The museum that had the capsules and hardware was no more. I assume some of the stuff got scattered, but I never saw the Mercury, Gemini or Soyuz capsules, nor the Skylab mockup. In place of the museum were a number of 3D and iMax movies. I didn't watch any.

I think the old Mercury and Gemini pads got disassembled -- it is a shame they didn't at least move the Mercury blockhouse. Launch complex 34, where the Apollo Moon missions took off from has been leased by SpaceX. They've constructed their own launch tower.

The Center used to be the best tourists trap in Florida and I think it still ranks up there as one of the best to visit. It's a shame some of the history seems to have been lost or minimized, but I suspect it is a better stop for families these days. Regardless, if you're in Florida be sure to schedule a visit.

Monday, July 22, 2019

NASA's space tourism posters

Click any image to enlarge
The Jet Propulsion Laboratory has posted Visions of the Future, which contains a number of hypothetical posters for space tourism. To those of us of a certain age it is just a reminder of the sorry follow-up to Apollo. Ah, what might have been.

Anyway, this is their blurb for the posters:
Imagination is our window into the future. At NASA/JPL we strive to be bold in advancing the edge of possibility so that someday, with the help of new generations of innovators and explorers, these visions of the future can become a reality.

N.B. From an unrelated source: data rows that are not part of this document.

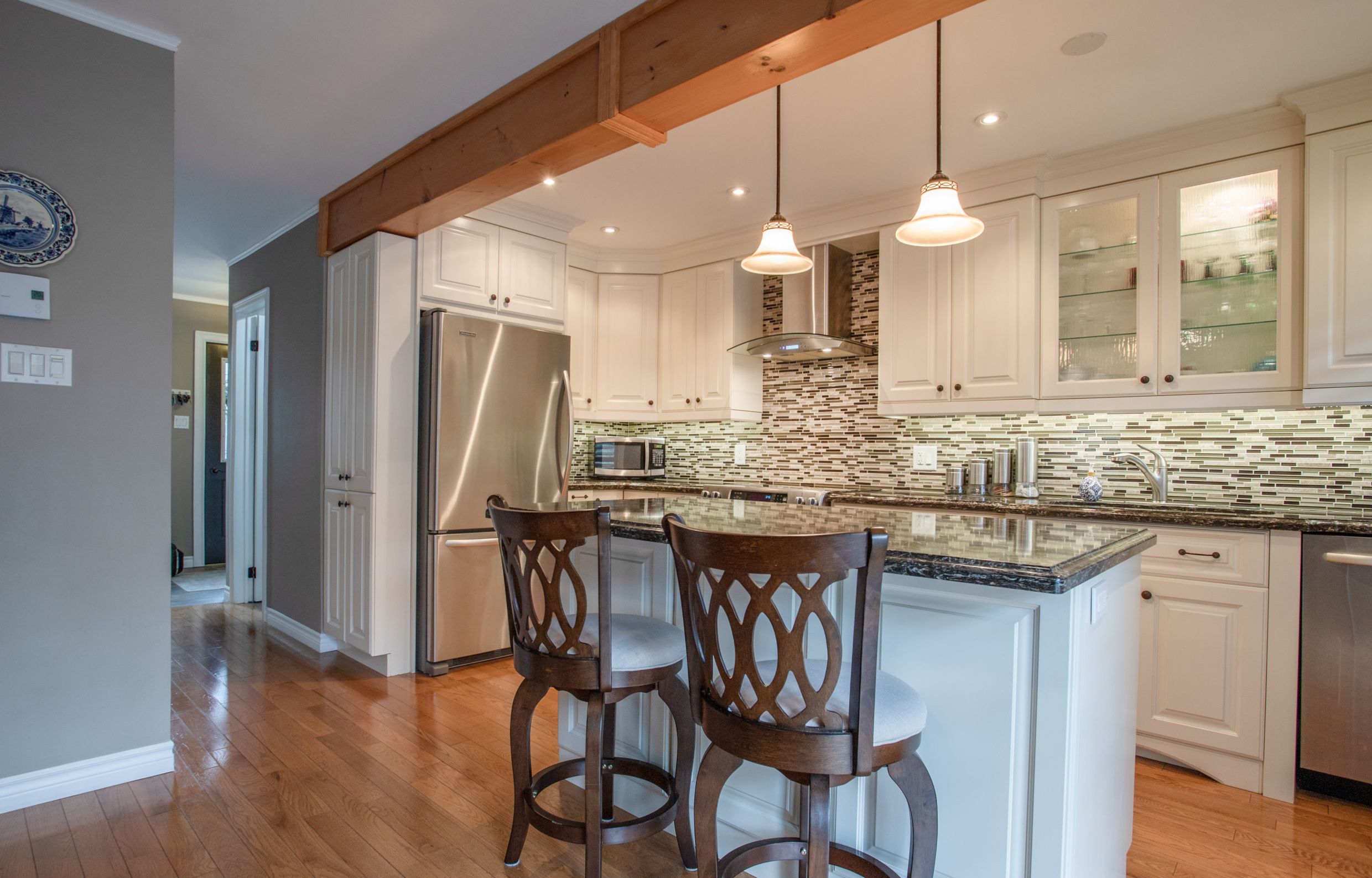 • Generous landscaped lot featuring a private backyard and mature trees.
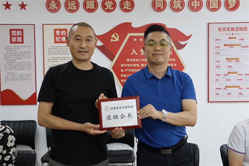 7月5日下午,許昌市企業(yè)家協(xié)會(huì)七月份輪值會(huì)長工作交接會(huì)在許昌市企業(yè)家協(xié)會(huì)會(huì)議室召開,會(huì)議由七月份值班會(huì)長、許昌有朋能源科技有限公司總經(jīng)理婁玉陣主持。
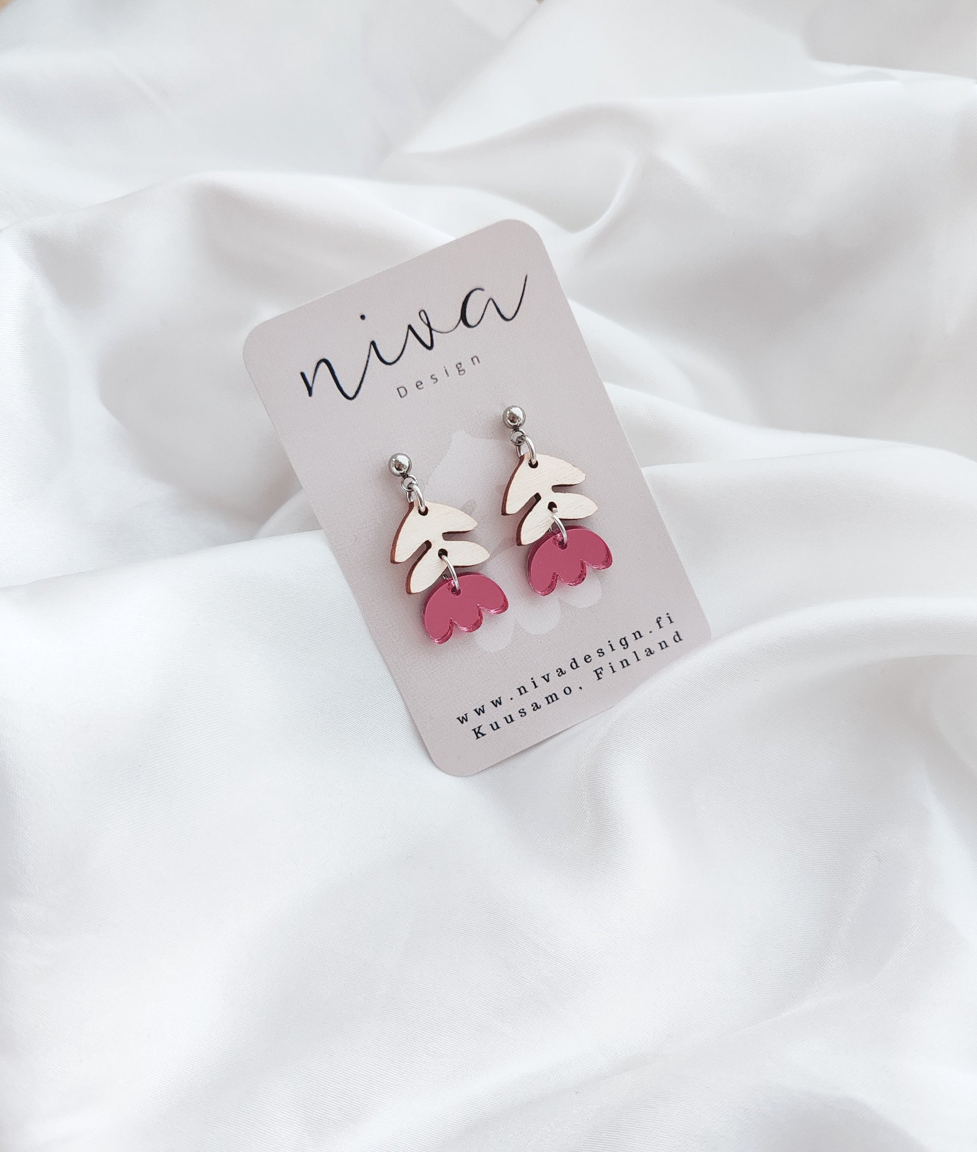 Kukka Nurin Kurin Korvakorut, pinkki peiliakryyli ja koivuvaneri.

As you look through these images of imaginative travel destinations, remember that you can be an architect of the future.
There are more posters after the jump, and a few more. as well as more information and larger size downloads, at the JPL link.


Wednesday, October 31, 2012

When NASA was in the beauty pageant business

Miss NASA, 1968 (click any image to enlarge)
Apparently, from 1968-1973 NASA used to run a beauty pageant to select Miss NASA from its workforce. Unfortunately there appears to be no information about them, just pictures of a few of the winners. From Artifacting.